What’s your team culture like?
When I think back to my years playing on a basketball team, it reminds me of the culture we have created at COI. We are guided by the following principles:
Relentless focus on customer delight
Employee empowerment that fosters thought leadership
Transparency to a fault
Integrity – lead with what we ought to do
Innovation – provide space to be creative
Philanthropy – give back and pay it forward
Lead with excellence
What is your superpower?
Problem solving. Most of my life I had to learn how to make something out of nothing. If you look at my life journey, I should not have arrived at this place. I’ve been described as a person that slipped through the cracks from an alternative perspective. As early as 8 years old, I started a squeeze cup business because I couldn’t afford to go to Girls Scouts.
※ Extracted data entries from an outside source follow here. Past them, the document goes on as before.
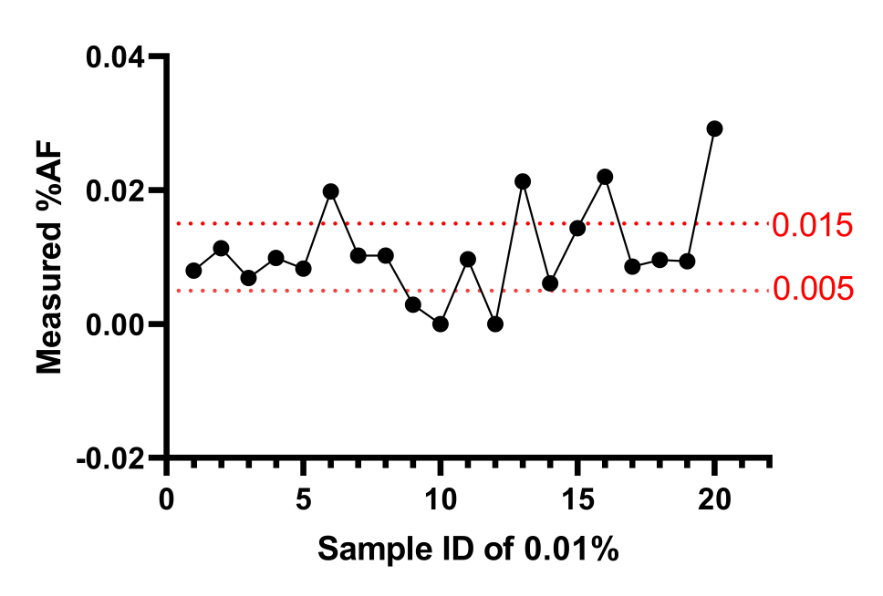 對20個0.01%的樣本進行數(shù)字PCR檢測,觀察在0.005-0.015%以內(nèi)是否達成95%檢出。
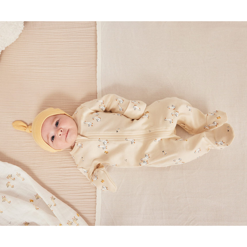 Les tout-petits seront bien emmitouflés pour aller au lit dans cette dormeuse à motifs de canetons. Douillette et respirante, cette dormeuse les maintient à la température idéale pour un sommeil réparateur. Elle est fabriquée à partir de coton interlock biologique tout doux sur la peau.
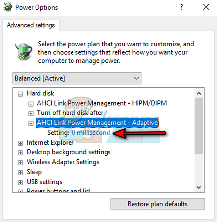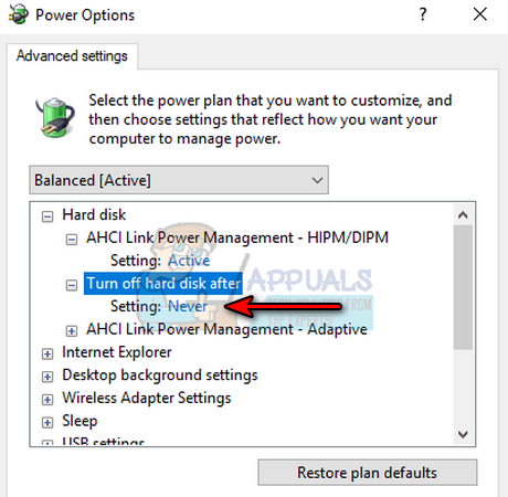 Set Turn Hard Disk After to Never - Then double-click on AHCI Link Power Management – Adaptive and set its Setting dropdown to 0 milliseconds.
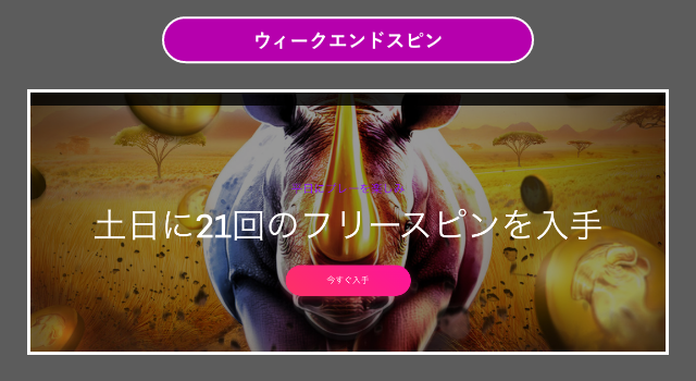 21.comに平日に2回以上入金すると、「ウィークエンドスピン」として週末の土曜日・日曜日に21回ずつ合計42回のフリースピンが進呈されます。
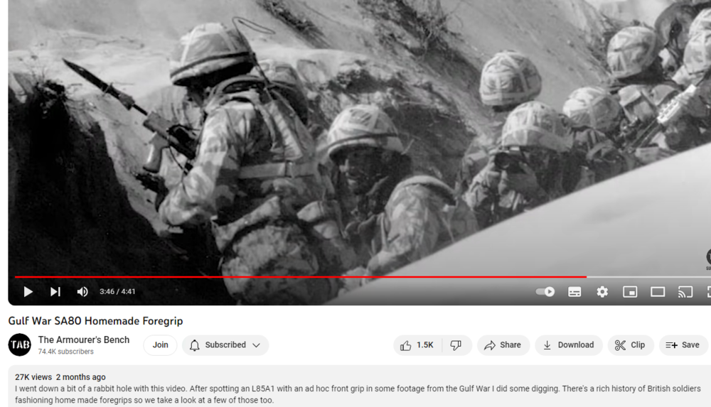 I man-handled his pew-pew (yub-yub etc) The grip (and perhaps also the weight of the Elcan) do a good job of neutralising the normal rearward weight bias of the L85, so it's ergonomic, even if the looks are, as Dan says, a bit... off? Somewhat 'inappropriate' foregrips are nothing new though, apparently...1 point -
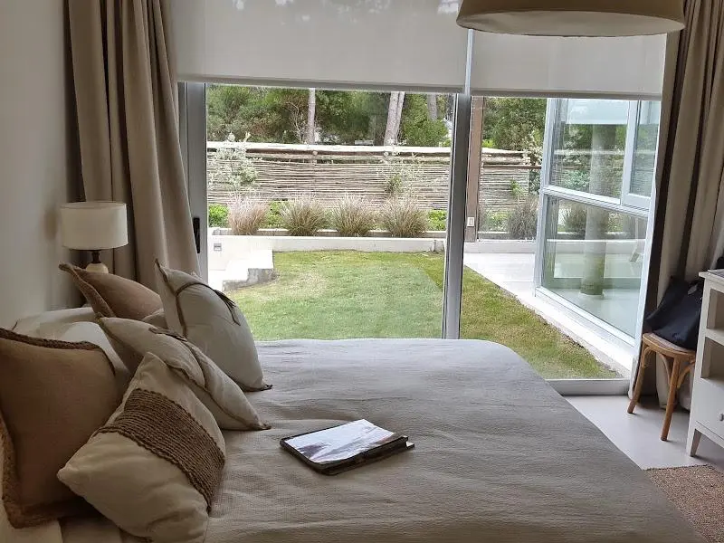 Excellent apartment with 2 en-suite bedrooms plus a maid’s room, located next to Laguna Blanca, right across from Manantiales beach. Bright and spacious living–dining room that opens onto a large terrace with a barbecue area, which extends into a private garden. Guest toilette. Fully equipped kitchen. Garage.
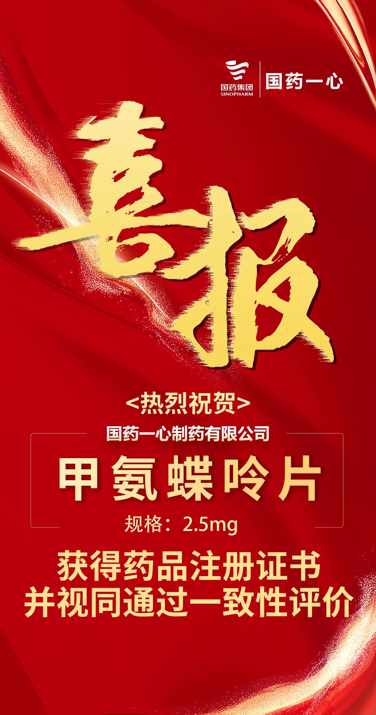 近日,子公司国药一心收到国家药品监督管理局核准签发的《药品注册证书》,甲氨蝶呤片符合药品注册的有关要求,批准注册,发给药品注册证书。

In college, I was founding president of Pitt’s chapter of Sigma Beta Epsilon Sorority because I was looking for a network to support me and other black women in engineering. I have a natural talent for seeing problems and solving them instead of waiting on others to do it. It comes from having nothing and turning it into something.
What’s your kryptonite?
Low tolerance for excuses.
Do you have any unusual routines or habits?
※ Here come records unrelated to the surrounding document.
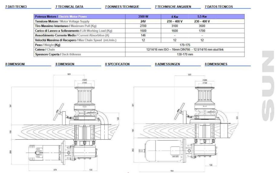 Safety standards and certifying bodiesrequire peremptorily that, during thestanding ofthe anchor, the load must beheld by a chain stopper or a highresistance fixing point.The user is responsible for guaranteeingthat during navigation the anchor isproperly stowed and fixed. Thisprecaution is moreimportant when thenavigation speed ishigher and seaconditions are worse. Indeed, an anchorpaid out by mistake during navigationcan have very serious effects.Considering its position and not alwaysfrequent use, the anchor windlass isparticularly exposed to oxidationandcorrosion risk; therefore, it is necessaryto arrange a constant inspection of itsparts and a due maintenance.Make sure to have read and understoodevery part of this manualbeforeproceeding with installation and use.Only persons who know how tooperateshould be authorised to use the anchorwindlass. Should there be doubts on itsinstallation or use, refer always to askilled consultant.•Anchor windlasses used in aninappropriate way can causedamagesto persons and/or things.• Pay the utmost attention during theuse of powerful equipment.• Even the most careful use can be asource of damages, even serious.• Italwinchproducts are suppliedexclusively for recreationalnauticaluse. Italwinchdeclines allresponsibilityfor improper uses.• Pay the utmost attention so that arms,legs, fingers, hair, and clothes do notget entangled in the chain or gipsy.• Before operating the capstans, makesure that there are no persons in waterin the vicinity.
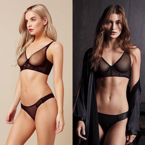 Новый прозрачный черный комплект Mesh Plunge Bra марки Victoria’s Secret в настоящий момент продается на сайте за 90 долларов. Аналогичный комплект Striped Mesh Cheekini Panty марки Agent Provocateur вышел летом 2018 года и сейчас недоступен для покупки, пишет lenta.ru.
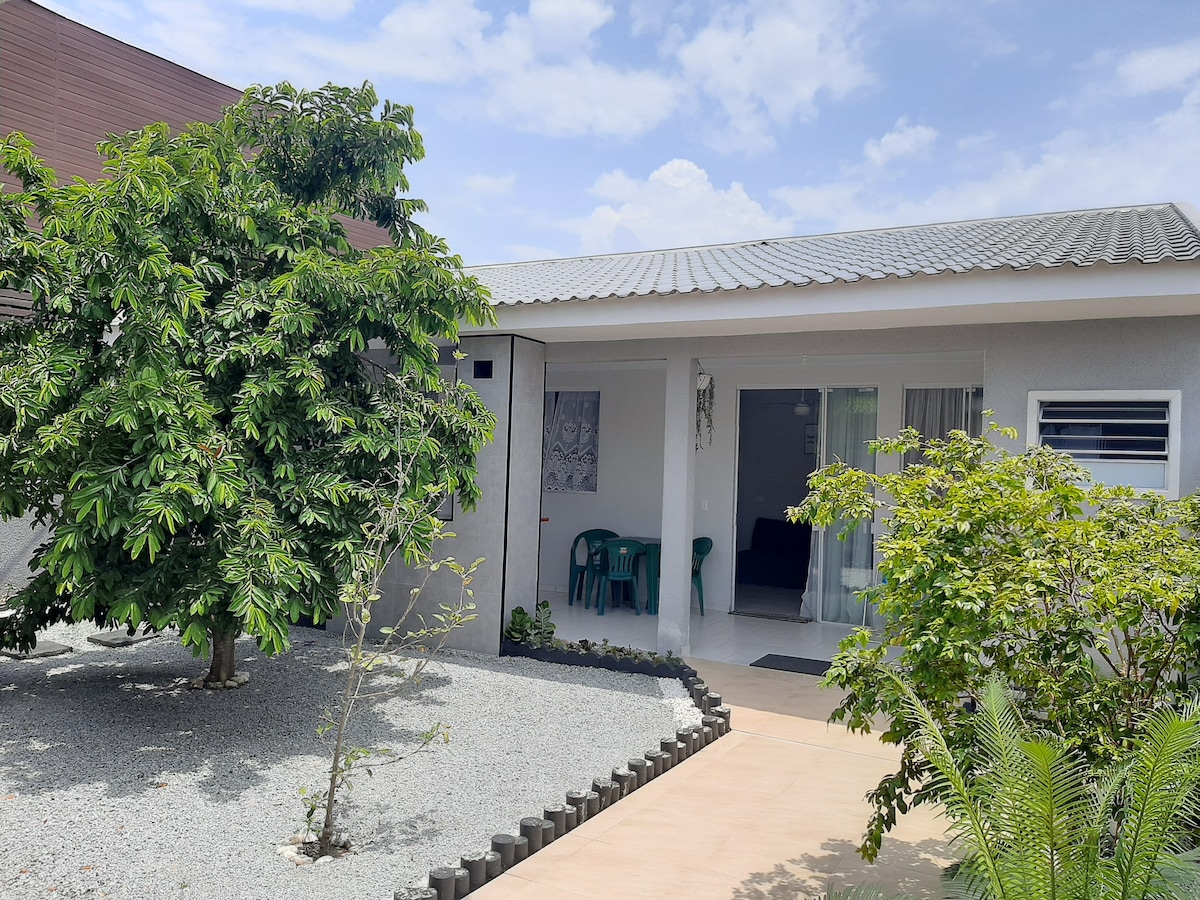 Casa térrea com ambientes amplos e integrados no Balneário Atami Norte, com cozinha equipada, sala de jantar, sala de televisão, lavabo, área de serviço e 02 suítes independentes com ar condicionado portátil, sendo que cada uma das suítes possui 01 cama de casal e 01 cama de solteiro. Casa possui piscina com cerca para segurança das crianças, ótima churrasqueira, redes de balanço com vista para um lindo jardim. Uma casa com alma de praia!!!

OCD with washing my hands.
Do you have any other hobbies/things you like to do in your spare time?
I gained a love of skiing after my daughter became a downhill racer (slalom and giant slalom). I also enjoy experiencing other cultures within their respective environments and documenting family history.
Are there any apps or gadgets that you can’t live without?
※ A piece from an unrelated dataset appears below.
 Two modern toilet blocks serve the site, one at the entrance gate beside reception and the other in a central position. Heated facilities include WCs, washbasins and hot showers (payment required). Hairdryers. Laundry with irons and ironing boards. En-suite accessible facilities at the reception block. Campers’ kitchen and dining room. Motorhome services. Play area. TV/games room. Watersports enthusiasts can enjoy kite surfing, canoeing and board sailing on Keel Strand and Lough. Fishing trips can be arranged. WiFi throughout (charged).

The voice recorder on my phone to conduct impromptu recording sessions of elders within my family.
I started recording my grandmother and her siblings during our annual vacation because my grandmother wanted to know how many offspring she had. I then started asking a lot of questions and realized that I could not get it all down, so I started recording. I’ve continued this practice until today. My family looks to me as the historian and calls me for family facts.
What’s your experience been like as a female founder? Any advice for women looking to start their own company?
My journey reminds me of traveling the countryside, going up mountains and down valleys with the valley experiences providing some rest, but not as satisfying as the endurance required to get to the top of the mountain and see the full view of the road traveled.
Understand that startup life is not for the faint of heart. You will have many sleepless nights, but the outcomes make it all worth it.
Be sure to surround yourself with people that will lift you up because you will encounter more naysayers than supporters. With that, I suggest you believe in yourself more than you ever had before.
What’s the best piece of advice you’ve received?
My mentor at Morgan Stanley told me to stop taking things personally. Everyone seeks favorable terms; that is business and not personal.